## What is being asked
Repeat the data below in full. Pictures must not be part of the copy.

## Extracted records
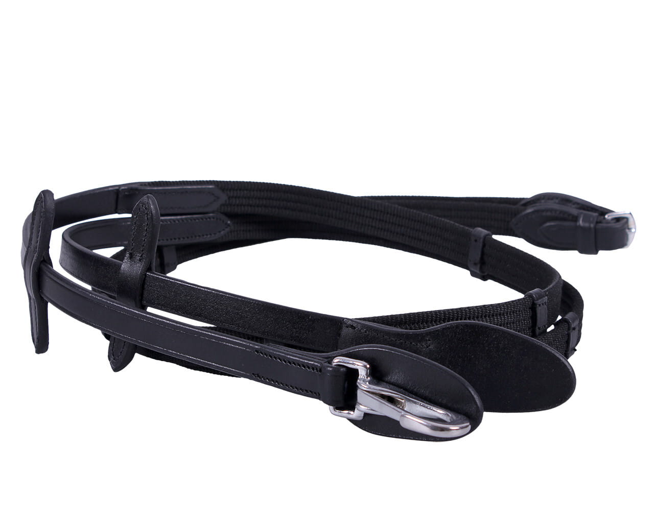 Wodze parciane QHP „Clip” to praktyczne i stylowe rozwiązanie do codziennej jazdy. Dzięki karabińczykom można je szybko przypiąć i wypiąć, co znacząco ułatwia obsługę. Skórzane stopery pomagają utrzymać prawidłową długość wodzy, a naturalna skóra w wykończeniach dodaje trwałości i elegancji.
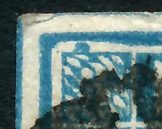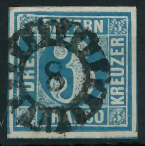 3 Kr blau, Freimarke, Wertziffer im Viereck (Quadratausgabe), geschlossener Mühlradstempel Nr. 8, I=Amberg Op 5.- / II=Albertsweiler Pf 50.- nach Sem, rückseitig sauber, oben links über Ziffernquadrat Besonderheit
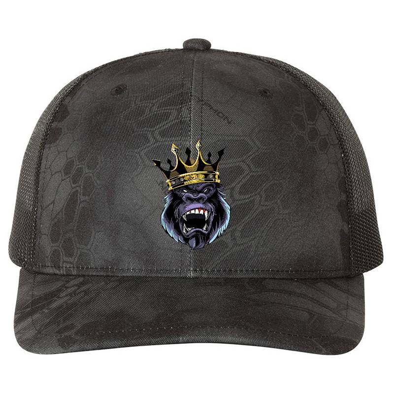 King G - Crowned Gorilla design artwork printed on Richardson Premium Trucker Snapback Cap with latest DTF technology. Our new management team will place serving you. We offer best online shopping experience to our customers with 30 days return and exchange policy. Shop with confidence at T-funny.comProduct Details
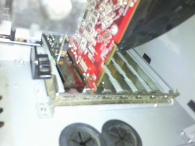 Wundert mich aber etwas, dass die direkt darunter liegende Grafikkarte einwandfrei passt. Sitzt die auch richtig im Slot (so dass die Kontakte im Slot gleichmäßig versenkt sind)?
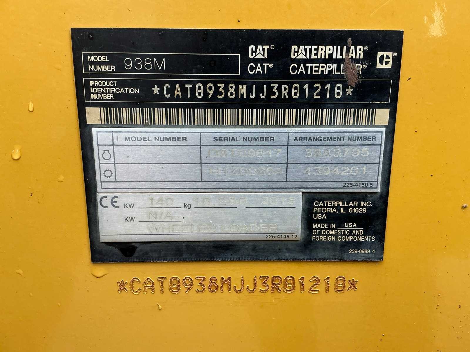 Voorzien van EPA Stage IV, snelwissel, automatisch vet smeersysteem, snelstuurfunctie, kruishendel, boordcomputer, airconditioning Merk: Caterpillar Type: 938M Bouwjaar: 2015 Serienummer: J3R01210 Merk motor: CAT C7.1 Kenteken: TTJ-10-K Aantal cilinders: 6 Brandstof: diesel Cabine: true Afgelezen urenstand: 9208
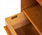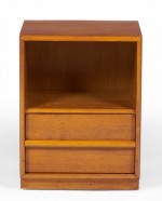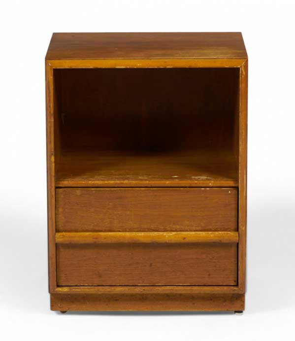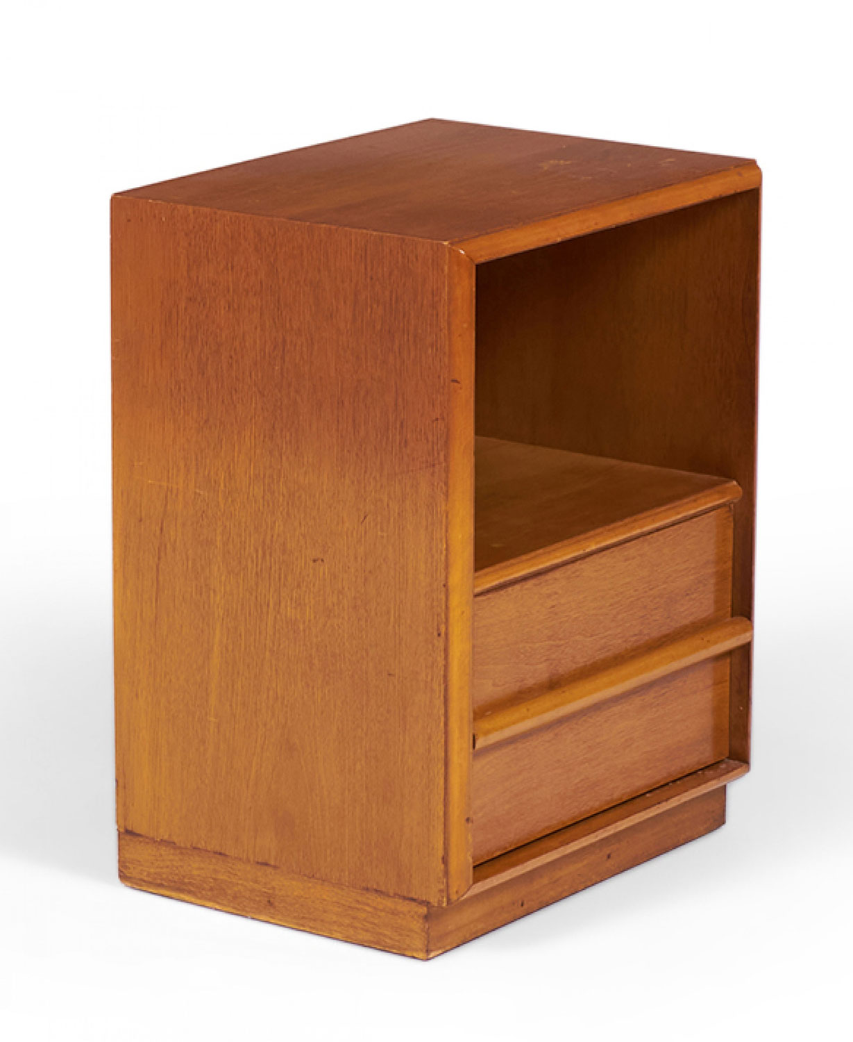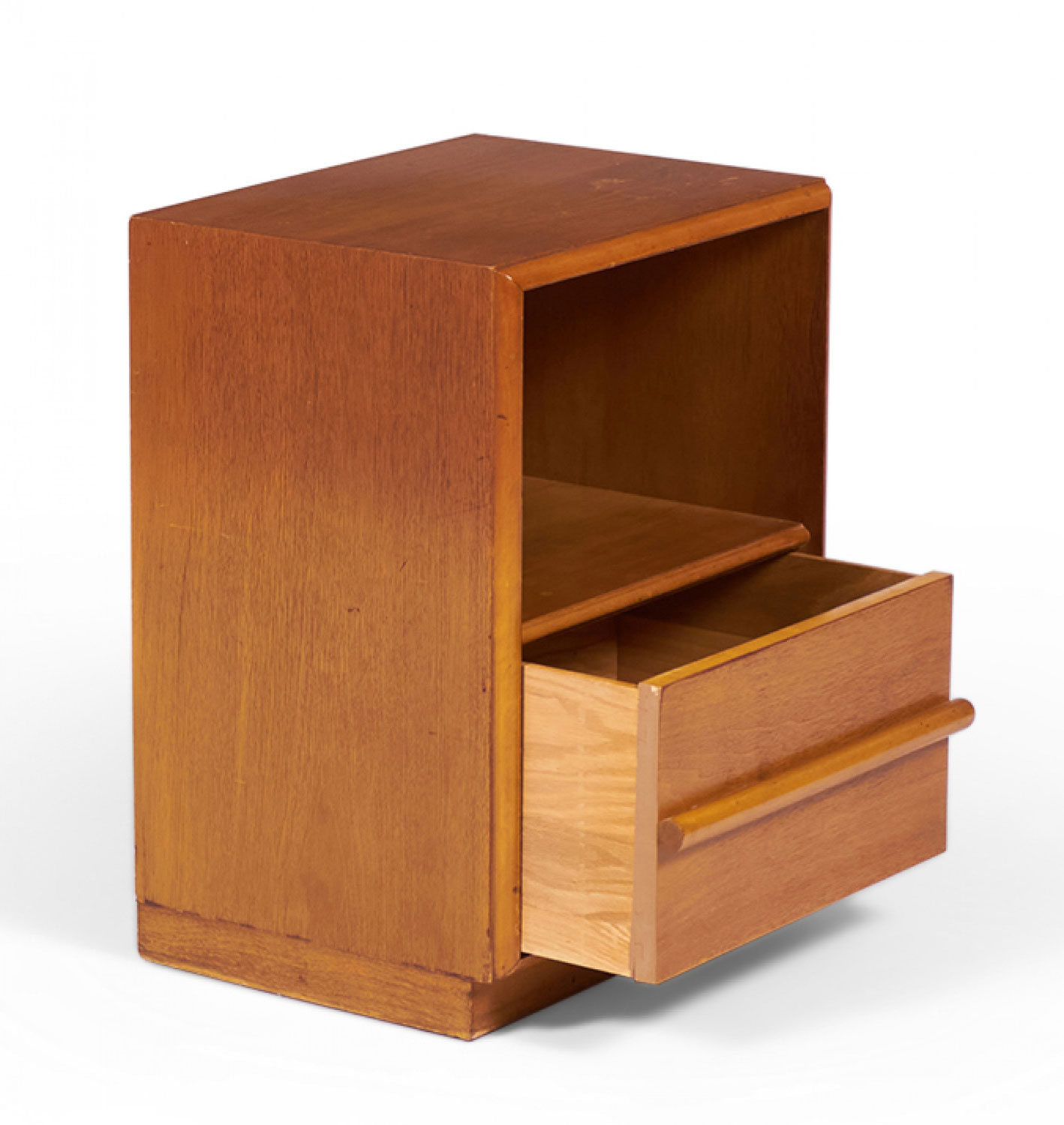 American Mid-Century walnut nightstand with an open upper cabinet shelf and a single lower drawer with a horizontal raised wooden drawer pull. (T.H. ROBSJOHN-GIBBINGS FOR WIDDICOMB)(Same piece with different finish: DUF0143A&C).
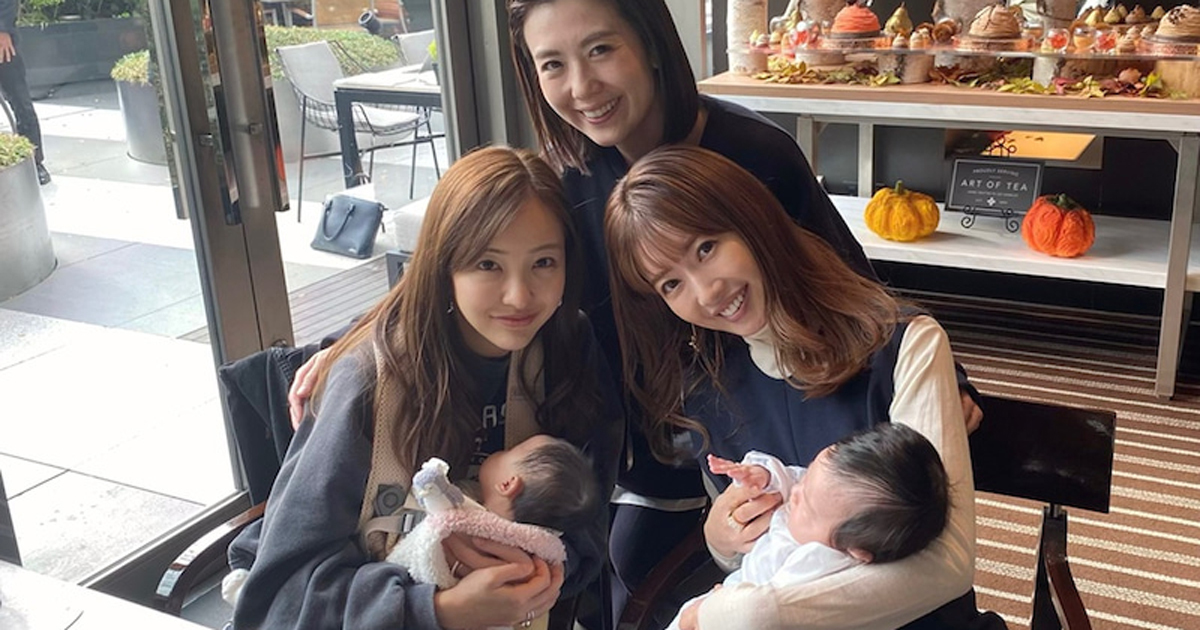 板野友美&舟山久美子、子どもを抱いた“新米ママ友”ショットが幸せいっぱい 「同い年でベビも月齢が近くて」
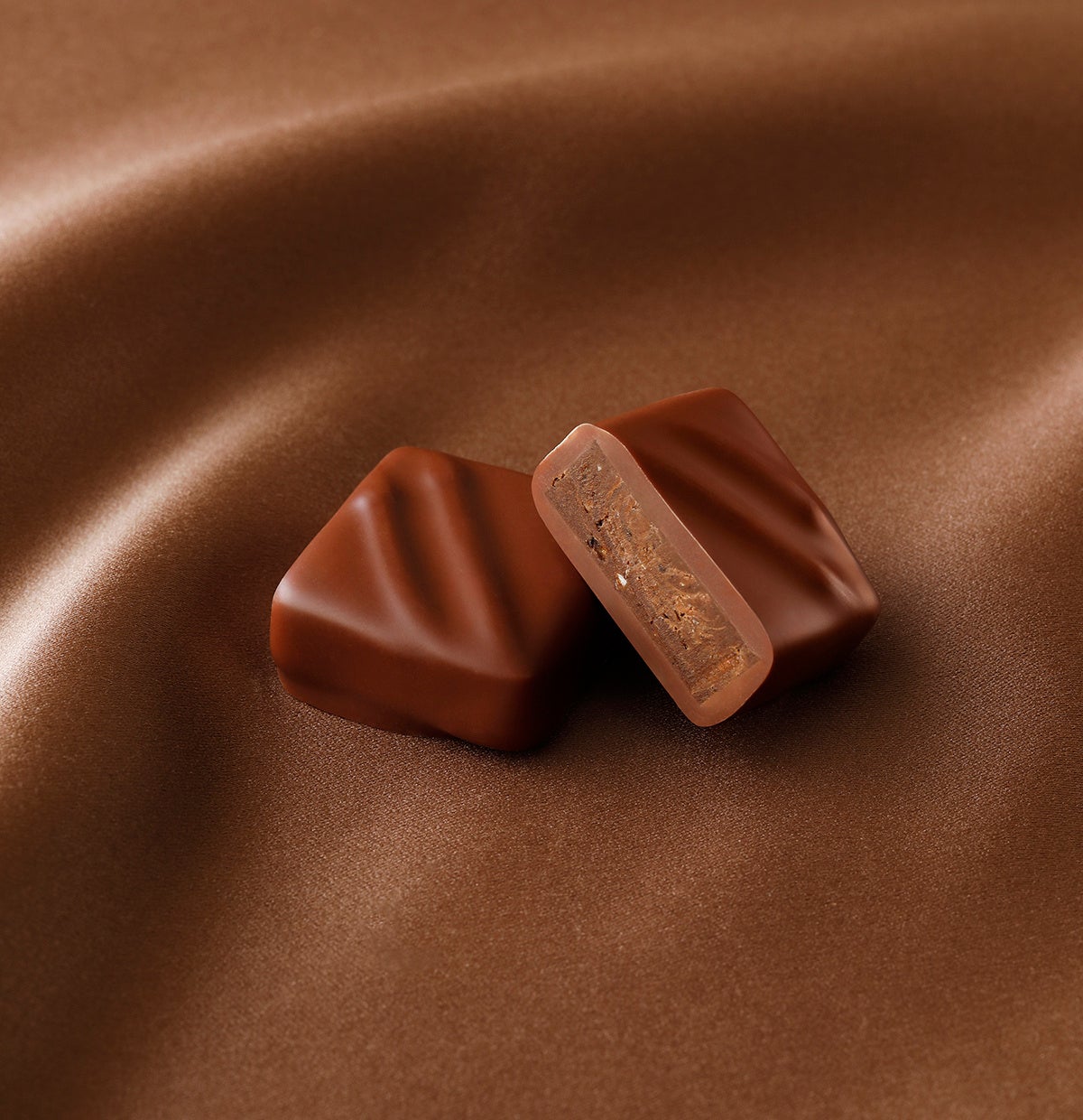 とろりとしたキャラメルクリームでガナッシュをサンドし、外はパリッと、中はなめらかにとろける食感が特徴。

## Response to this exercise
 Wodze parciane QHP „Clip” to praktyczne i stylowe rozwiązanie do codziennej jazdy. Dzięki karabińczykom można je szybko przypiąć i wypiąć, co znacząco ułatwia obsługę. Skórzane stopery pomagają utrzymać prawidłową długość wodzy, a naturalna skóra w wykończeniach dodaje trwałości i elegancji.
 3 Kr blau, Freimarke, Wertziffer im Viereck (Quadratausgabe), geschlossener Mühlradstempel Nr. 8, I=Amberg Op 5.- / II=Albertsweiler Pf 50.- nach Sem, rückseitig sauber, oben links über Ziffernquadrat Besonderheit
 King G - Crowned Gorilla design artwork printed on Richardson Premium Trucker Snapback Cap with latest DTF technology. Our new management team will place serving you. We offer best online shopping experience to our customers with 30 days return and exchange policy. Shop with confidence at T-funny.comProduct Details
 Wundert mich aber etwas, dass die direkt darunter liegende Grafikkarte einwandfrei passt. Sitzt die auch richtig im Slot (so dass die Kontakte im Slot gleichmäßig versenkt sind)?
 Voorzien van EPA Stage IV, snelwissel, automatisch vet smeersysteem, snelstuurfunctie, kruishendel, boordcomputer, airconditioning Merk: Caterpillar Type: 938M Bouwjaar: 2015 Serienummer: J3R01210 Merk motor: CAT C7.1 Kenteken: TTJ-10-K Aantal cilinders: 6 Brandstof: diesel Cabine: true Afgelezen urenstand: 9208
 American Mid-Century walnut nightstand with an open upper cabinet shelf and a single lower drawer with a horizontal raised wooden drawer pull. (T.H. ROBSJOHN-GIBBINGS FOR WIDDICOMB)(Same piece with different finish: DUF0143A&C).
 板野友美&舟山久美子、子どもを抱いた“新米ママ友”ショットが幸せいっぱい 「同い年でベビも月齢が近くて」
 とろりとしたキャラメルクリームでガナッシュをサンドし、外はパリッと、中はなめらかにとろける食感が特徴。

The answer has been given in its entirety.